Understanding of the interactions between a catalytic surface with reactants and intermediates under reaction conditions can be used to tailor catalytic surfaces for increased activity or selectivity. Moreover, the feasibility of a catalyst for commercial use depends partly on the activity of the catalyst in the presence of possible deactivants in the reactant stream.

However, in situ spectroscopic characterization of heterogeneous catalysts in aqueous systems has long been a challenge. While methods such as electron energy loss spectroscopy have been used successfully to monitor to the adsorption of compounds to model catalyst sites, they rely on ultra high vacuum environments. While FTIR coupled with ATR techniques can offer more realistic conditions, the penetration depth of such spectroscopy is on the bulk level, and signals produced suffer from the strong absorption of the aqueous environment. Surface-enhanced Raman spectroscopy (SERS) using gold nanoshells, on the other hand, could provide the requisite sensitivity for analyzing aqueous-phase catalyzed reactions. Au nanoshells (NS's) are a class of SERS substrates, whose surface plasmon resonance (SPR) can easily be tuned by modifying core particle size and shell thickness, resulting in signals up to 1014 times greater than normal Raman alone.

To determine the applicability of SERS using Au NS's for aqueous systems, we examined two systems. Recent efforts have shown that glycerol, a major byproduct of biofuels production, can be converted over Au catalysts in alkaline media with great selectivity to fine chemicals. Additionally, previous studies show that Pd-on-Au (Pd/Au) nanoparticle (NP) catalysts have been shown to be 70x more effective than conventional Pd catalysts in the hydrodechlorination of chlorinated ethylenes in groundwater. While mechanisms exist for these two reactions, they there is little spectroscopic proof.

In-situ SERS monitoring of aqueous glycerol oxidation over Au NS's

In this study, we report the in-situ time-resolved identification of adsorbates and reaction intermediates in the basic aqueous-phase oxidation reaction of glycerol via surface-enhanced Raman spectroscopy (SERS) over a Au nanoshell (NS) catalyst. Coupled with batch experiments using a Au/C catalyst, we gain important insights into the effect of pH and O2 on the surface reaction.
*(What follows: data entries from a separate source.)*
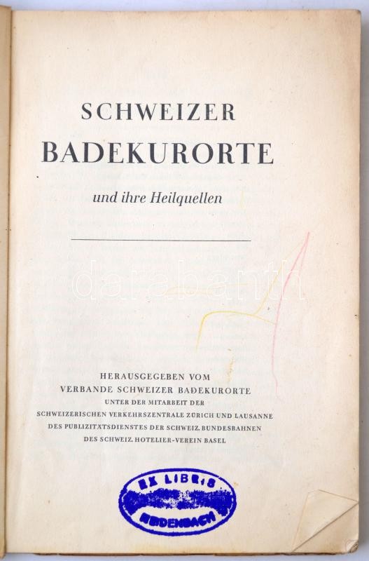 Schweizer Badekurorte und ihre Heilquellen. Zürich, é. n., Orell Füssli. Kissé szakadt papírkötésben.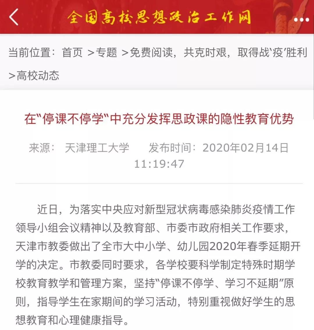 米兰马克思主义学院讲师,天津市高校习近平新时代中国特色社会主义思想研究联盟成员侯静婕以“在‘停课不停学’“中充分发挥思政课的隐性教育优势”为题撰写了理论文章,这篇文章同时被全国高校思想政治工作网转载。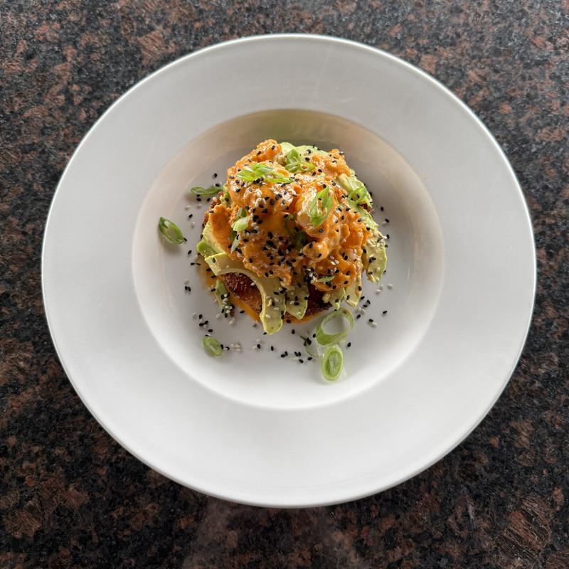 Ahi tuna, avocado, sriracha-wasabi sauce, jalapeno, on top of crispy rice cakes.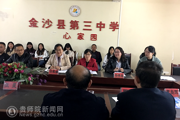 乌当二中巡视结束后,郭文一行赶赴金沙县,第一站来到金沙三中,与教育局领导、各实习学校负责人及实习生们进行了深入交流和会谈。金沙三中校长王琰介绍了今年实习工作的基本情况。其他实习学校的领导、老师和师院的实习生代表也依次做了发言。实习生在发言中表示,师院老师千里迢迢前来看望她们,深受感动;金沙县教育局耐心、细致的安排实习生的生活和学习,所有的实习生都已正常开展实习工作,非常充实,收获很大,非常感恩实习学校和指导老师们的关怀和指导,今后将更加努力通过不断试讲和反思改进,圆满完成实习任务。金沙县教育局师资培训办公室主任周欣对师院的实习生给予高度肯定和认可,介绍了金沙教育局在安排师院实习生方面的组织保障、财力保障和制度保障,整个教育系统一盘棋,全方位保障实习工作圆满完成。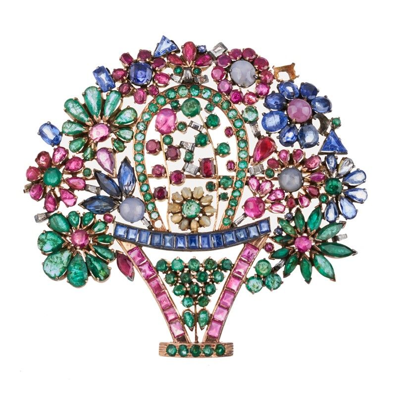 GRANDE SPILLA A FORMA DI CESTO FIORITO CON PIETRE DI COLORE in oro e argento, impreziosito da varie pietre di colore fra cui zaffiri (uno mancante) e rubini taglio fantasia per ct 20 circa, smeraldi taglio rotondo e fantasia (uno mancante) per ct 12 circa e diamanti, dim. cm 8x8 circa, gr. 58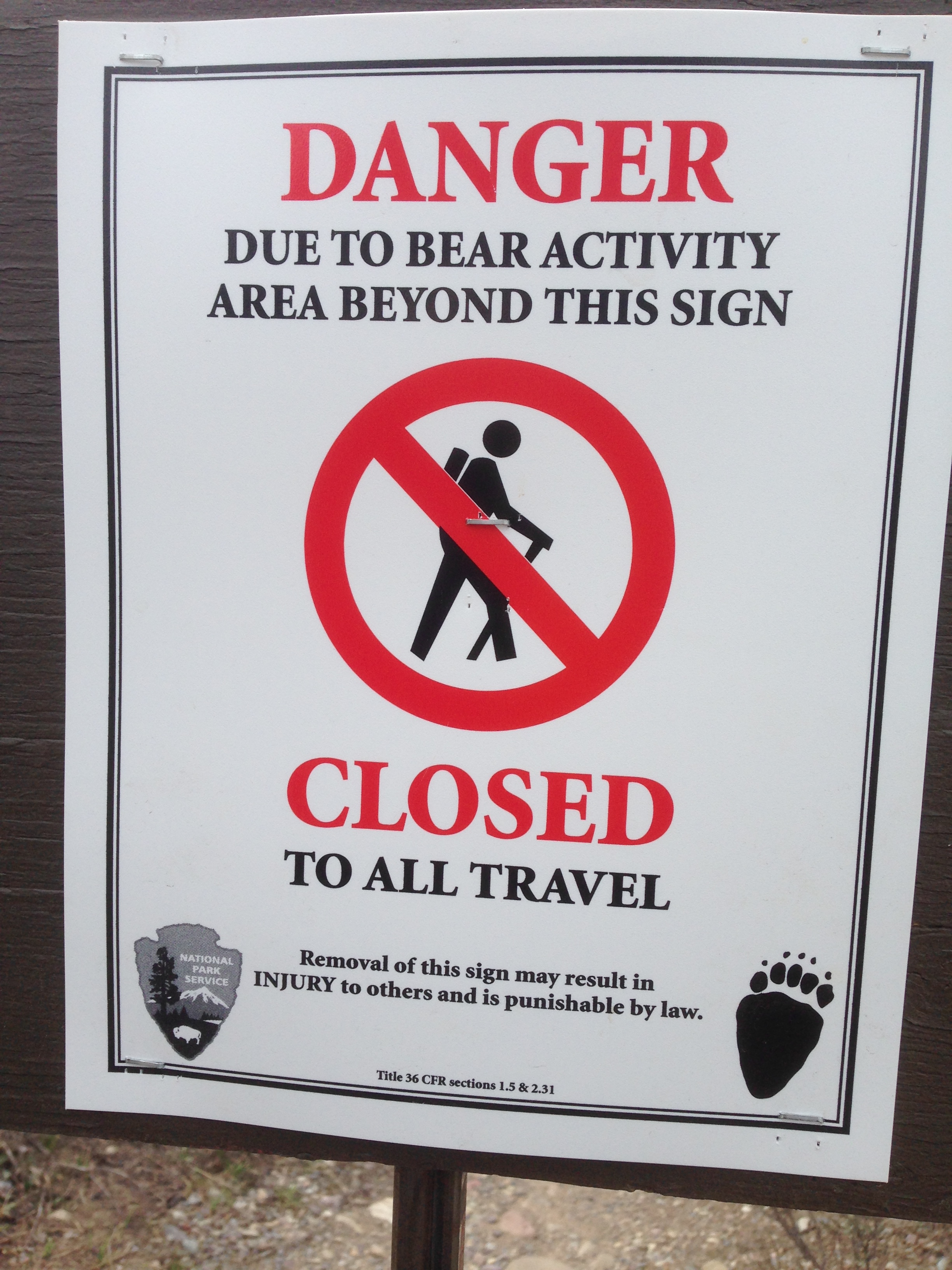 At the bottom of the sign, you are told that removal of this sign could cause injury to others. Because they won’t know there is a BEAR nearby. Probably a mother bear with cubs, given the time of year. Exactly the kind of creature you don’t want to encounter.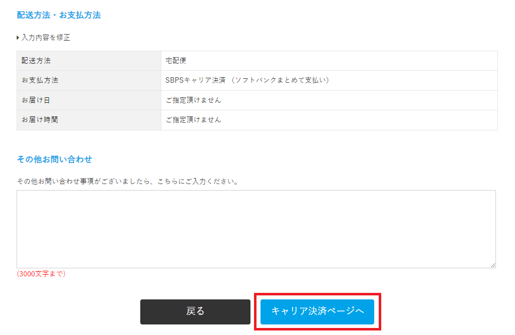 支払方法でSBPSキャリア決済を選択すると、注文確認画面の注文確定ボタンが【キャリア決済ページへ】ボタンに変わります。

In-situ SERS monitoring of aqueous HDC over Pd-on-Au NS's

We also report the synthesis of Pd-decorated Au NS's to mimic the HDC catalytic behavior of Pd/Au NPs during SERS analysis. SERS spectral analysis indicates that chemisorption and HDC surface reaction events of dichloroethylene (DCE) probe molecule can be observed. It appears that 1,1-DCE adsorbs to the Pd catalyst via pi-bonding with Pd atoms on the surface, for example. The results of this study highlight the promising use of SERS spectroscopy of metal-catalyzed reactions in water in situ.

Kinetic deactivation study of Pd/Au NPs with chloride and sulfide

Finally, to test the feasibility of Pd/Au NPs for use in the field, we examined the effect of two common Pd deactivants found in groundwater, chloride and sulfide. Results show that the catalyst is completely resistant to chloride, while monometallic Pd NPs and Pd/Al2O3 deactivate to 30% its initial rate at the highest chloride concentration tested. Additionally, the Pd/Au catalyst show improved resistance to deactivation of sulfide. While the Pd catalysts deactivated at the theoretical limit of S:Pdsurf of 0.5, the Pd/Au NPs showed resistances of up to S:Pdsurf of 1.5. The resistance is found to be compositionally dependent, with higher Pd wt% catalysts deactivating more rapidly. Additionally, the shift in the deactivation profile from a linear decrease in rate with increasing S:Pdsurf for low Pd wt% catalysts to a nonlinear profile with higher Pd wt% suggests the formation of different active sites made of larger Pd ensembles for the higher wt% catalyst.